Nine
NINE
VANESSA
The frantic rattle of a fist against the glass snaps me out of the trance I’d found myself in while preparing the tables for another busy weekday. Wednesday is always the worst for people needing their mid-week pick-me-up, and I get it. I’m the same after another night of the sleep-panic-wake cycle.
I cross over to where Marianna damn near attempts to break through the locked door and flip the catch. “Sorry. We’re not open yet,” I sass.
“Ha. Ha.” She barrels inside, gaze searching past me.
“Theresa’s out back, taking out the trash,” I state, returning to the job at hand.
My best friend and boss know each other, sure. But they sure as fuck don’t like each other. It’s like having two quarreling cats in heat whenever they’re near.
“Good.” Her upper lip crinkles as she stares at the open back door. “I hate that I have to come here if I want to see you at work. Anyway.” She shakes her head clear and thrusts her phone onto the table beside the chairs I’ve yet to take down. “She accepted. It’s her.”
Swear to God, my fucking heart stops beating for a whole second. Easy now.
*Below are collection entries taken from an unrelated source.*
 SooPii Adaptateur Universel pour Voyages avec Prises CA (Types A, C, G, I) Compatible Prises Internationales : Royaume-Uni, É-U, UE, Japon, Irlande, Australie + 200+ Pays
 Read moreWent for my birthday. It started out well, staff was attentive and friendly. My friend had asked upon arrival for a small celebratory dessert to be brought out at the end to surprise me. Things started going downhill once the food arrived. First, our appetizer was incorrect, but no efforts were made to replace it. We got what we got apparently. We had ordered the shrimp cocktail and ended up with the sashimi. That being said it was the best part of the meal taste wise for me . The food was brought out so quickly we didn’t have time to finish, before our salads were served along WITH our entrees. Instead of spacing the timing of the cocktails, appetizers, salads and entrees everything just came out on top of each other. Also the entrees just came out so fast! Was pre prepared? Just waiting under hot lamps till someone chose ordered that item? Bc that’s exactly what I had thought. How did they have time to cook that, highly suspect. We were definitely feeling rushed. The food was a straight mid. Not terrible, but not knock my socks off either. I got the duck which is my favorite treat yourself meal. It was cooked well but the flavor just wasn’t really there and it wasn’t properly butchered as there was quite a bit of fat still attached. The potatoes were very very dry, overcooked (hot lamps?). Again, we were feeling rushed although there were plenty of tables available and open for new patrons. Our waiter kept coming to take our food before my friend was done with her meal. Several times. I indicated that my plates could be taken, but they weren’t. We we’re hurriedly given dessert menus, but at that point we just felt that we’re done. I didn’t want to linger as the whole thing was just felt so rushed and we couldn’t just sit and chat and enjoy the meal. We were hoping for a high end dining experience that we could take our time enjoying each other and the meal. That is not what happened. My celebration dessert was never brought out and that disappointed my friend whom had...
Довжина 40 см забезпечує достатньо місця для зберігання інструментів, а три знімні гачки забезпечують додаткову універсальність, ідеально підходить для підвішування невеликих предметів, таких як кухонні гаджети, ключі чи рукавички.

Not the stylish exit from this life I had in mind. “How can you be so sure?”
“I straight up asked if she’s related to him.” She grins, super proud of herself.
“You the fuck what?” My fingers tighten into the front of my T-shirt. “Did she find that weird?”
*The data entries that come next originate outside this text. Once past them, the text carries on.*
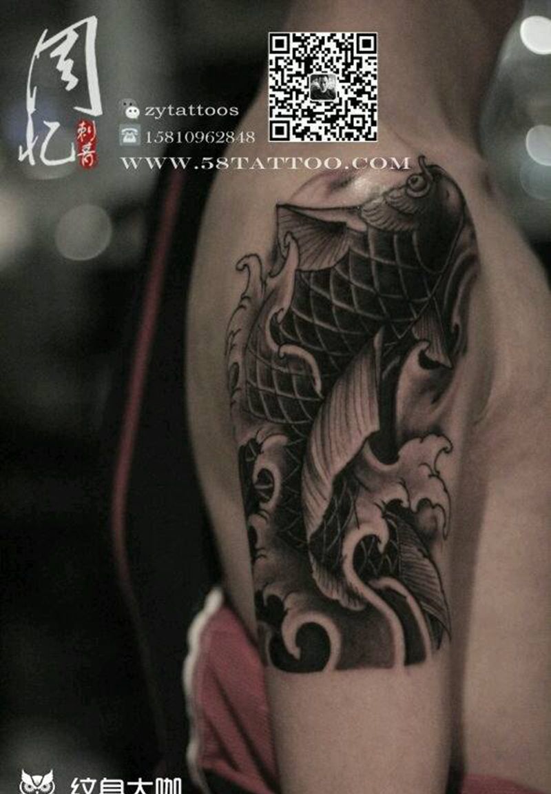 传统鲤鱼纹身图片_手臂传统动物周忆刺青成品纹身图案
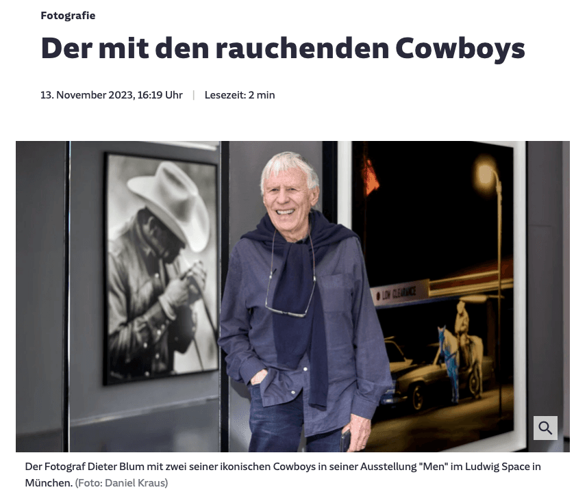 Helikopter, um für ein Fotoshooting über die Weiten der amerikanischen Steppe zu fliegen? Kein Problem. Drohnen, um den Kreml von oben zu fotografieren? Durchaus ein Problem. Aber keines, vor dem Dieter Blum kapituliert hätte. (...) Er sagt,,,ich hab' immer alles gekriegt, was ich wollte". (...) Er hat Herbert von Karajan und die Berliner Philharmoniker ebenso porträtiert wie Gerhard Schröder und Karlheinz Böhm. Sein Credo:,,Die Menschen haben mich immer interessiert." Aber auch die Kraft und Schönheit des Körpers fasziniert ihn seit je her. Und so hat er die Grazie des Moskauer Bolschoi-Theaters und den Zauber des Stuttgarter Staatsballetts in fantastischen Körperbildern festgehalten. Er hat (...) den unvergesslichen Ismael Ivo als Francis Bacon fotografiert und Jiri Jelinek in seinem Studio dazu gebracht, waghalsige Sprünge jenseits jeder Schwerkraft zu wagen. (...) So unterschiedlich die Motive von den Cowboys über die Musiker, Politiker bis hin zu den Tänzern sind, so sind es doch verschiedene Facetten von Männlichkeit. Und so heißt die Ausstellung in München schlicht "Men".
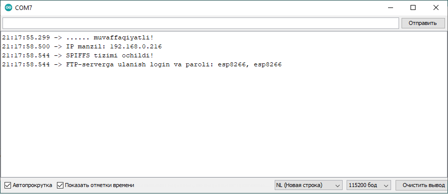 2-misol. Ushbu misolda mikrokontrollerning SPIFFS fayl tizimi bilan ishlash uchun sketch yordamida FTP-server hosil qilamiz hamda ayrim FTP-mijoz ilovalaridan foydalanganib unga bog’lanish jarayonini ko’rib chiqamiz. Buning uchun “ESP8266FtpServer.h” bibliotekasi yordamida yaratilgan “FTPServerSample” namunaviy sketchini ochib, o’zimizga moslashtiramiz (ushbu sketch ESP8266 va ESP32 platalariga moslashtirilgan).
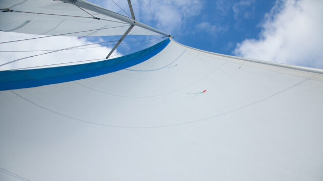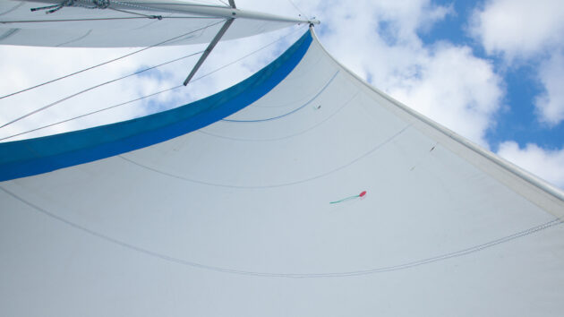 The view from below clearly shows the more open ‘slot’ between the headsail and mainsail. One effect is less back-winding in the mainsail.

“Not really. I came up with this whole backstory.” Marianna spreads her hands in a rainbow. “Said we’d met a few months back, that we’d hooked up a few times, and now he wanted me to move in with him, but I had this weird feeling about it, so I was doing background checks on the guy before I committed.”
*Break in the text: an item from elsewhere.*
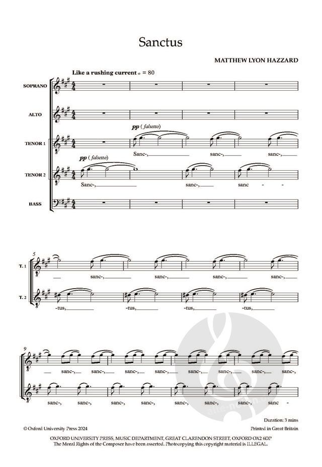 Hazzard's enchanting Sanctus, setting text from the Latin Mass, captures the feeling of a rushing current throughout. Suitable for concert use, this piece features imaginative text-setting and driving...
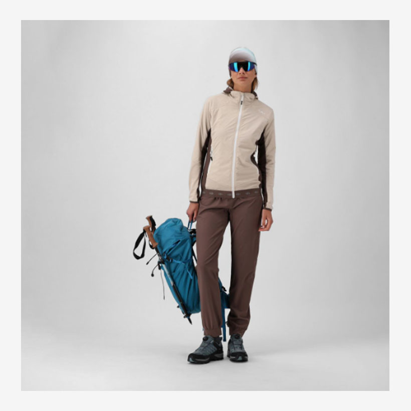 - Tkanina nudi zaščito pred vetrom, raztegljivost in udobje, zato je idealna za dinamične aktivnosti na prostem.

“You sound unhinged.” I manage a small smile.
“Well, I’d have to be to want to hook up with him, right?” Her eyes go wider as though unsure she assumes right.
I nod, nudging the phone back toward her. “You aren’t wrong.” My gaze fixes on the screen as it fades to black. “Is she…?” My stomach sours.
“I didn’t ask about your mom,” Marianna says softly as she lifts a chair off the adjacent table and sets it on the floor. “That would have seemed weird.”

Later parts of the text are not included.